**Required work:** Leave out pictures; repeat exactly the lines from the "- Легка вага" line through the last of the data below.

**Provided material:**
####################

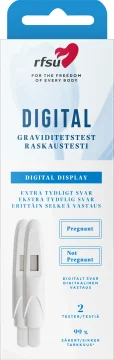 RFSU Digitalt Graviditetstest är ett lättanvänt digitalt graviditetstest som visar ett resultat inom tre minuter. Det har en bred spets som gör det lättare att kissa direkt på testet. Den digitala skärmen visar ett tydligt svar med texten “Yes” eller “No”. Du kan göra testet från och med den dag som du väntar din mens. Testets känslighet är 25 mlU/ml av hormonet hCG i urinen. Testet är över 99% tillförlitligt från och med dagen du väntar din mens. Du kan testa när som helst under dygnet men säkrast är att mäta morgonurinen, då hCG-koncentrationen är som högst.
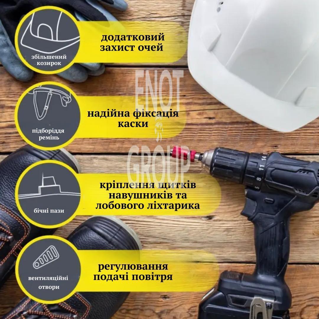 - Легка вага та зручність: Завдяки легкій конструкції каска не створює зайвого тиску на голову і дозволяє комфортно працювати тривалий час.
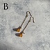 【 A・はちみつのネックレス 】 ・ガラス/メインチャーム ・ガラス(クリスタル)/サブチャーム ・真鍮/ピン・カン・メタルチャーム ・丹銅/チェーン アジャスター部 ・真鍮 ・ステンレス/カニカンバネ ・丹銅/チェーン 【 B・琥珀のピアス 】 ・ガラス/メインチャーム ・ガラス(クリスタル)/サブチャーム ・真鍮/ピン・カン・メタルチャーム・ピアスパーツ ・丹銅/チェーン ※発送時は補助のキャッチとして樹脂製のピアス用ゴムをセットします

####################

**Solution to this task:**
 - Легка вага та зручність: Завдяки легкій конструкції каска не створює зайвого тиску на голову і дозволяє комфортно працювати тривалий час.
 【 A・はちみつのネックレス 】 ・ガラス/メインチャーム ・ガラス(クリスタル)/サブチャーム ・真鍮/ピン・カン・メタルチャーム ・丹銅/チェーン アジャスター部 ・真鍮 ・ステンレス/カニカンバネ ・丹銅/チェーン 【 B・琥珀のピアス 】 ・ガラス/メインチャーム ・ガラス(クリスタル)/サブチャーム ・真鍮/ピン・カン・メタルチャーム・ピアスパーツ ・丹銅/チェーン ※発送時は補助のキャッチとして樹脂製のピアス用ゴムをセットします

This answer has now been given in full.